Why do we stay? Various reasons I suppose. Some people are pretty codependent on their job, some don't have any other employment options. Mostly we stay for the clients. We were entrusted with the care of these people, many of whom are pretty vulnerable, and if we weren't here, it just wouldn't happen. So some of us are sticking to see this through.

Friday, May 09, 2008

Thursday, May 01, 2008

So here's the thing.

Procrastination takes on a life of it's own. And when it comes to my blog it becomes this sort of cyber still life where events are frozen in time and it'll always be August 7th, or July 23rd if you want it to be.

Obviously life does not get a pause button as well. So while my blog has stayed frozen in time, time has goose stepped on whether I liked it or not. And unfortunately most of my thoughts have been rooted in the day to day grind and not blog fodder. So... yeah.

My company appears to be going down the tubes. You can read about it here:
http://www.portlandtribune.com/news/story.php?story_id=120959946472928400
http://www.oregonlive.com/news/oregonian/index.ssf?/base/news/1209527715247440.xml&coll=7
http://blog.oregonlive.com/breakingnews/2008/04/county_scrambles_to_cover_as_m.html

Looks like we'll be open tomorrow though, and hopefully there will be paychecks. Make no mistake about it, work has been a holy nightmare over the last month, and on a consistant downhill trend for months before that.

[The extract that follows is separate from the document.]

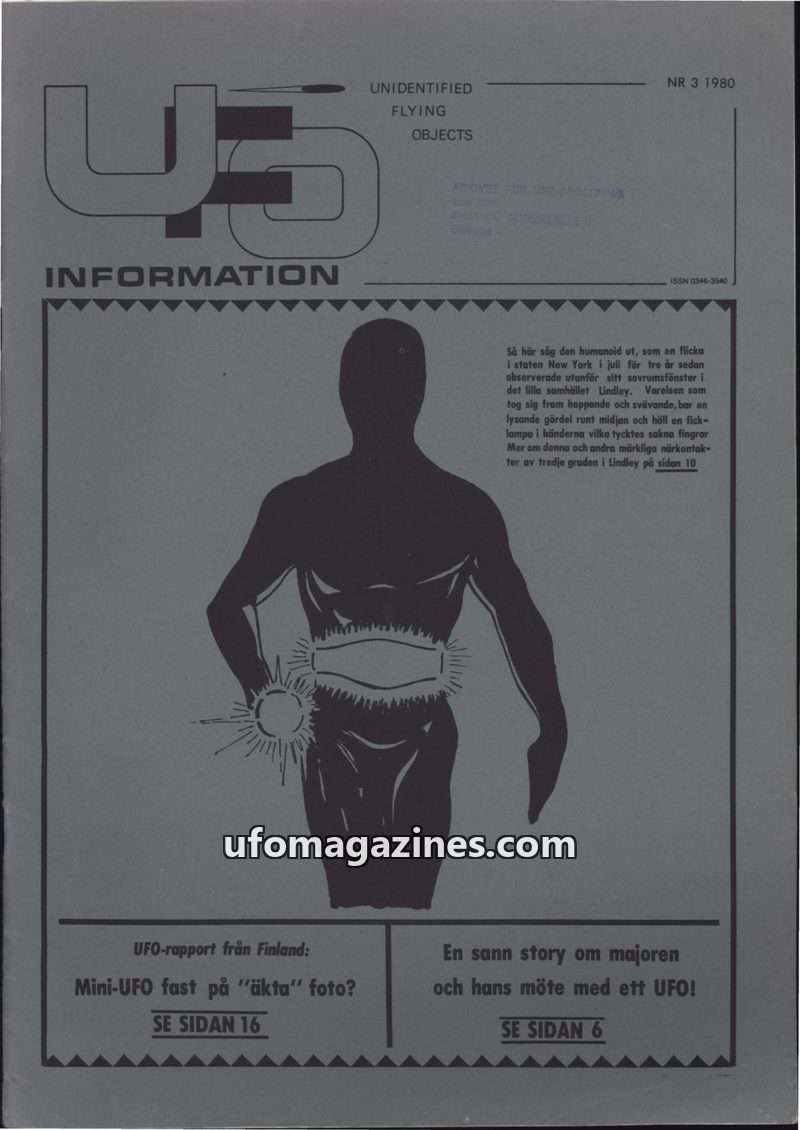 This issue of UFO-INFORMATION from 1980 delves into UFO phenomena with several key articles. One report details a close encounter in Eslöv, Sweden, where a young woman saw a UFO 20

And yet despite the hurricane, I'm as cool as a cucumber. Why, you may ask. Aside from my typically stoic nature, I'm fairly detached from the proceedings, because I came to the conclusion a few months back that mental health was not a good career field for me (an opinion that has obviously been vindicated through recent events). Too dependant on political whim or vulnerable to mismanagment, too fiscally unviable; not so much my pay, as the industry as a whole. So I looked at what I liked, what I wanted, and I applied to graduate school.

And I got in.

This fall I will be attending Marylhurst University and getting my Master's in teaching. Like Aud, I'm going to be a high school teacher. Not too surprising... we were working in the same field when we got together and now that similarity will continue. I'm excited for a new beginning and a career in teaching. So like the cockroach, with disaster falling all around me, I have found a place to scurry and forge on. Huzzah! So there it is, faithful reader. My life has been a rollercoaster not unlike this post. Still, while I could definitely be less stressed, I couldn't be happier. Like Bob Marley sang, "Every little thing's gonna be alright!" More on the how's and why's later.